Our Nameless Detective is the narrator of Bleeders. He's 60ish with a wife and a newly adopted ten-year-old daughter.
The novel opens with Nameless waiting with his client, Jay Cohalan, for a call from a blackmailer. Cohalan has hired Nameless to stop the blackmailer who is supposedly "bleeding" him dry. But when Cohalan turns out to be the blackmailer, we learn that Nameless is actually working for Cohalan's wife who suspected Cohalan was pulling the stunt to steal her inheritance that he wouldn't have a legal right to if they divorced. This all happens at the very start of the novel. And while Nameless's case is technically over, he signs on to find the culprit when Cohalan and his wife are murdered. He has a personal stake in the bringing the murderer to justice.
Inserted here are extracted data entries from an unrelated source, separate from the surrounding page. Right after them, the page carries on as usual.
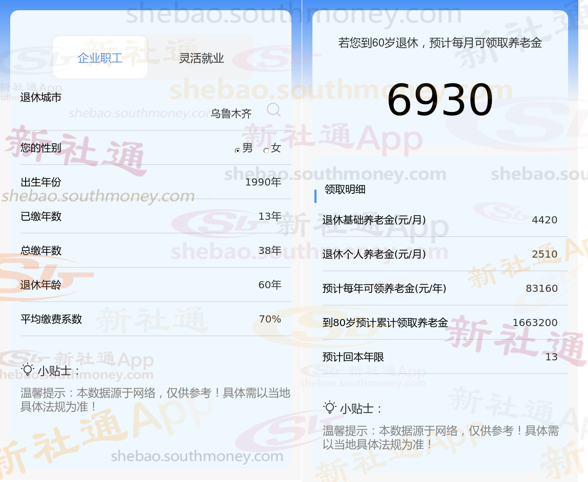 通过新社通APP-养老金计算所得:退休城市、出生年份、退休年龄、缴费系数都相同的情况下,社保缴费年限累计38年时,计算如下: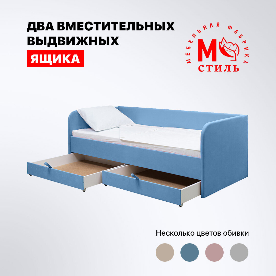 Купить Диван-кровать Софт 1900*800 голубая на ортопедическом основании с ящиками для хранения, кровать детская от 3 лет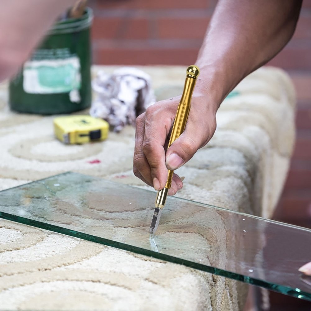 • อุปกรณ์ตัดกระจกทรงปากกาใช้สำหรับตัดกระจกต่างๆ โดยลักกษณะแบบลูกกลิ้งกรีดบนตัวกระจก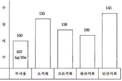 한편 석회물질 시용구에서 조섬유 함량은 무시용구와 비슷하거나 약간 증가된 반면 회분함량은 감소되는 경향이었다.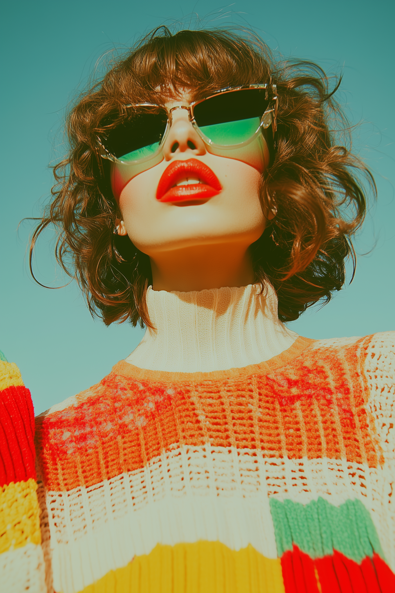 Retro-inspired portrait of a woman in bold sunglasses, red lipstick, and a colorful sweater against a teal sky.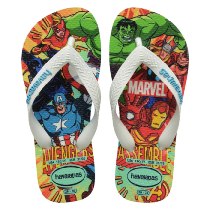 Chinelo Havaianas Kids Top Marvel II nas cores branco e azul, tamanho 35/36. Modelo infantil estampado, confortável e ideal para o dia a dia.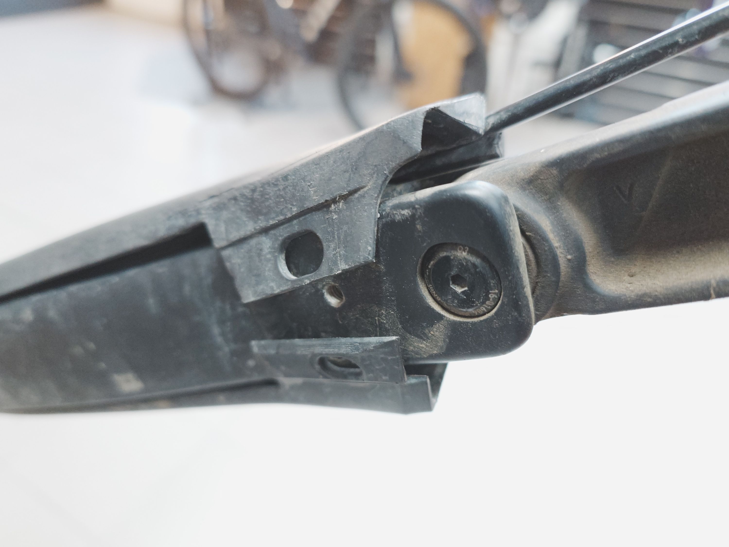 - povolený šroub na hlavním kloubu přehazovačky - zadní destičky sjeté uplně na plech - doplněn šroub do krytu na ochranu řetězové vzpěry
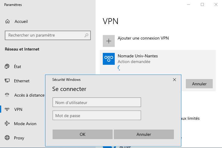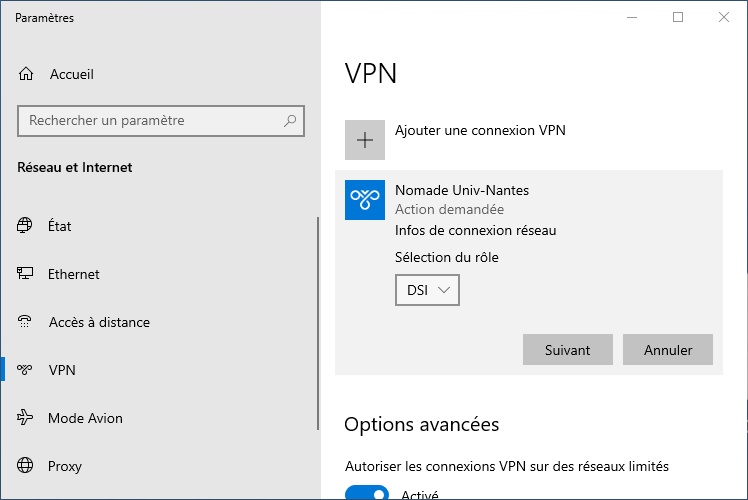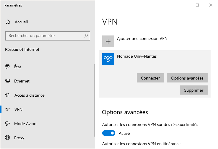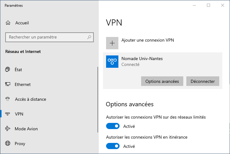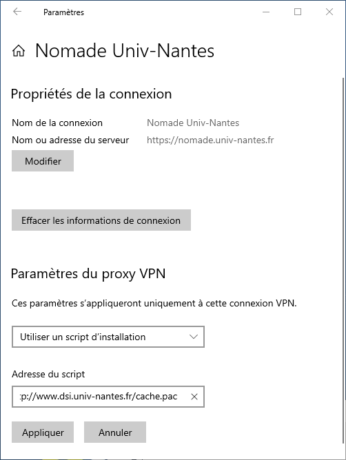 Paramètres de Windows>Internet et réseaux>Proxy. Si ces paramètres ne sont pas configurés, vous pouvez les spécifier pour cette connexion VPN avec le boutonOptions avancéesParamètres du proxy VPN→Utiliser un script de connexionouAutomatiqueAdresse de script→http://www.dsi.univ-nantes.fr/cache.pac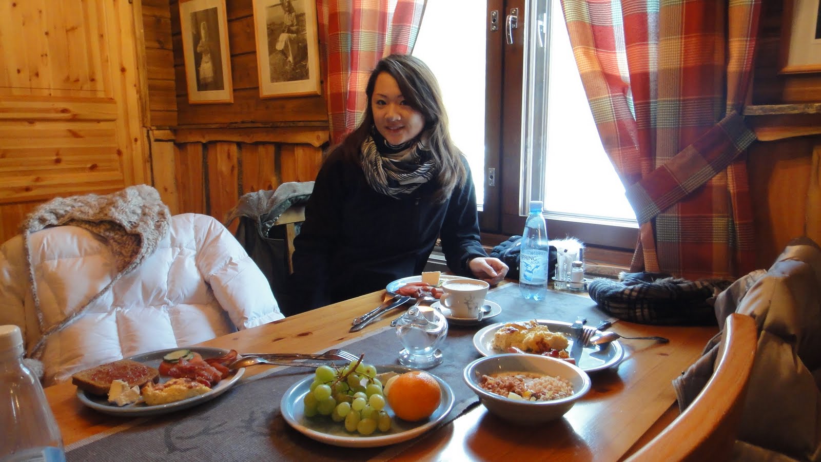 在滿是雪景的窗戶旁醒來,是多麼美麗的景象,急速整裝後就到餐廳去享用我們的早餐,及思考我們今天該怎麼走我們的行程。
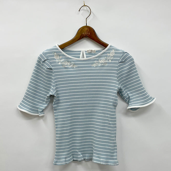 刺繍入りボーダーリブPO
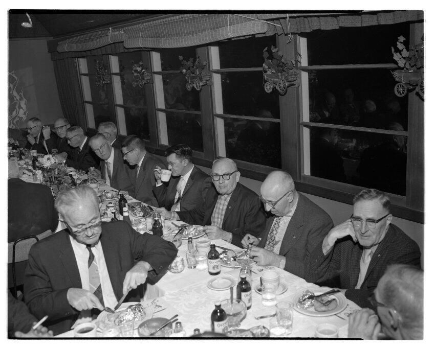 From left on far side of table: Bud Pratt, Paul Childers, George Hannon, Doc Tabor, Art Anderson, Aub Wells, Don Winner, Dix Batchellor, Bill Johnson, Frederick Schmidt. At left in foreground: Roy Hall. Dinner held at Oregon Trail Inn.Name/Title

Gregory Gorton read Bleeders and I think he did an excellent job of portraying a 60-something character who is starting to consider "scaling back" on his physical responsibilities as a private investigator.
There wasn't a lot of mystery to this novel and the pace was a slower one. The focus of this novel is more the psychological aspects for Nameless. And this is where starting in the middle of a series puts you at a disadvantage. Nameless is starting to think about cutting back, that he isn't capable of doing the things he did "twenty years ago." I have no idea what those things were. This novel could be very monumental in the series - although there are at least seven more novels to follow so he can't be cutting back too much, huh?
The plot was pretty anti-climatic for me. There really wasn't anything that made me think, "WOW!" And on the flip side, there wasn't anything that made me think, "Oh man, this is terrible." Is that the point of Nameless? He doesn't stand out in any way...just a face in the crowd? These are questions I'd like to answer by going back and reading the beginning of the series.
For the most part, the supporting characters play pretty insubstantial roles. However, I did very much enjoy Nameless's assistant, Tamara. She has a lot of spunk and made a great foil for Nameless. She also adds some humor to the mix.
Overall it was an average book. It wouldn't be something I'd recommend everyone run out and read right this minute, but I wouldn't discourage folks from reading it either. I didn't finish it and think, "I could have been reading something else with this time." I'm glad I took the opportunity to check it out.